Summer Sausage (1.5 lb chubs) $4.50/each
Jalapeno/Cheddar Summer Sausage (1.5 lb chubs) $5.00/each
Smoked Polish Sausage $3.50/lb
Smoked Jalapeno/Cheddar Brats $3.50/lb
Darren's Hot Dogs $4.00/lb
Snack Sticks (Packaged in 1/2 lb packages) $2.50/pkg
Jalapeno/Cheddar Snack Sticks (Packaged in 1/2 lb packages) $2.75/pkg
Pepperoni/Mozzerella Snack Sticks (Packaged in 1/2 lb packages) $2.75/pkg
Jerky Packaged (Packaged in 1/2 lb packages) $4.00/pkg

Irving
09-29-2018, 13:00
Steve Rinella has a show on Netflix called Meat Eater. It's mostly hunting, but he peppers in episodes about cooking or preparing game meat. The is a whole episode on breaking down a deer. I'm sure that him, and a million others, have even more content on YouTube.

sniper7
09-29-2018, 13:57
I watched that show a good bit, probably watched that episode, will pull it up again and get more details.
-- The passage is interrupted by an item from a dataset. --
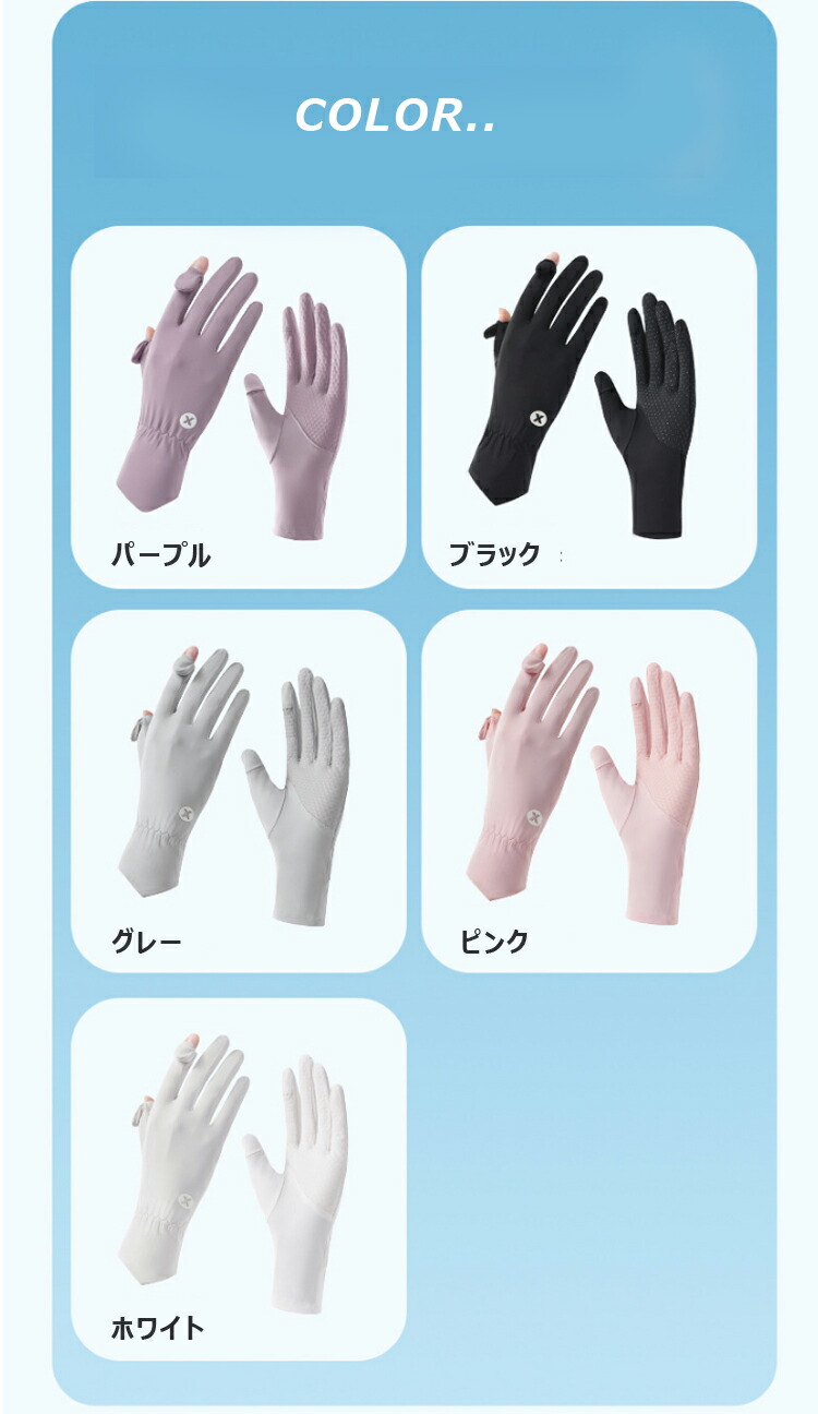 UVカット 手袋 ゴルフ バイク 紫外 スポーツ アウトドア 通販 ピンク ブラック パープル グレー ホワイト

I’m pretty competent around the different cuts and very comfortable cutting up any animal, just have never done the actual processing and grinding

Irving
09-29-2018, 14:09
Copy

def90
09-29-2018, 15:48
Steve Rinella has a show on Netflix called Meat Eater. It's mostly hunting, but he peppers in episodes about cooking or preparing game meat. The is a whole episode on breaking down a deer. I'm sure that him, and a million others, have even more content on YouTube.
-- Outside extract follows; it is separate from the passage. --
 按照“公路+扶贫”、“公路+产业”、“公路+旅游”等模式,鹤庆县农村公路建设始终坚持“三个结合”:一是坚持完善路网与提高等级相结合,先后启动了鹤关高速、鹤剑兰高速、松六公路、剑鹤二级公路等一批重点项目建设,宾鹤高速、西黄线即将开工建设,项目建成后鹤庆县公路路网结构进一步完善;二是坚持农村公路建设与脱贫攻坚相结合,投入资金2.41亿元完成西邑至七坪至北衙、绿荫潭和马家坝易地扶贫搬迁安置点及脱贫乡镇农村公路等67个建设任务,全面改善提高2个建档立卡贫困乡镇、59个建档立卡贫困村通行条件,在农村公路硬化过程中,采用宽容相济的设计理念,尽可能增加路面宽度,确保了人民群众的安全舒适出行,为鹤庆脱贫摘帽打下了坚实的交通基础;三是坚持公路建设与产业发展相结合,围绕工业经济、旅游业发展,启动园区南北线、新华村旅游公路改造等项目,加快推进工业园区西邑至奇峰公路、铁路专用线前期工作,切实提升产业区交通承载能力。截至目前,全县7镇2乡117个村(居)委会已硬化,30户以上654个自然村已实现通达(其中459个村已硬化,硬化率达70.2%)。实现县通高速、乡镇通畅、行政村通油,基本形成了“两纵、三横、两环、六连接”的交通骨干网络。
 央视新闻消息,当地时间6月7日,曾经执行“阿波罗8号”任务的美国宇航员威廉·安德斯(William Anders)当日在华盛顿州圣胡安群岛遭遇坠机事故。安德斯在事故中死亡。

Yeah, there are a ton of youtube videos that show you how to separate all of the different muscle groups/cuts and what each muscle is good for as in steaks, roasts, stew, osso buco, burger.. whatever. Honestly it looks pretty simple to do, just time consuming.

barney fife
12-15-2018, 21:41
Do it all in the garage. Dad always used a oiled sheet of plywood growing up in ND. A couple years ago I started using food grade HDPE plastic. Found a plastics factory in Washington state that sold me a 4x8 sheet of plastic for $20. Stationed in Omaha I paid $50 for a 4x8 sheet probably 1/8" thick, had them cut it in 4 two foot sheets for storage. Just throw it on the plywood for a large plastic cutting board.
Need to find a plastics factory in Colorado to get new sheet, let me know if you know of any.

Great-Kazoo
12-15-2018, 21:59
Do it all in the garage. Dad always used a oiled sheet of plywood growing up in ND. A couple years ago I started using food grade HDPE plastic. Found a plastics factory in Washington state that sold me a 4x8 sheet of plastic for $20. Stationed in Omaha I paid $50 for a 4x8 sheet probably 1/8" thick, had them cut it in 4 two foot sheets for storage. Just throw it on the plywood for a large plastic cutting board.
Need to find a plastics factory in Colorado to get new sheet, let me know if you know of any.


1 of 3-4 in the denver area, on google search
https://www.professionalplastics.com/Denver_CO

Hummer
12-16-2018, 00:10
For some years we used a plywood board over the island with butcher paper for the cutting surface. Now I bring in a folding plastic table for the meat cutting and simply tape the paper, shiny side up, directly to the table. We use cutting boards on the paper which are easily taken to the sink for washing. At the end of the day the paper is rolled up and tossed for easy clean up.

We usually have two tables, one for meat cutting, another for fine trimming and vacuum packaging. Makes for a neat and clean production.

buffalobo
12-16-2018, 01:38
Sniper, how goes your adventures in home processing? Hooked yet?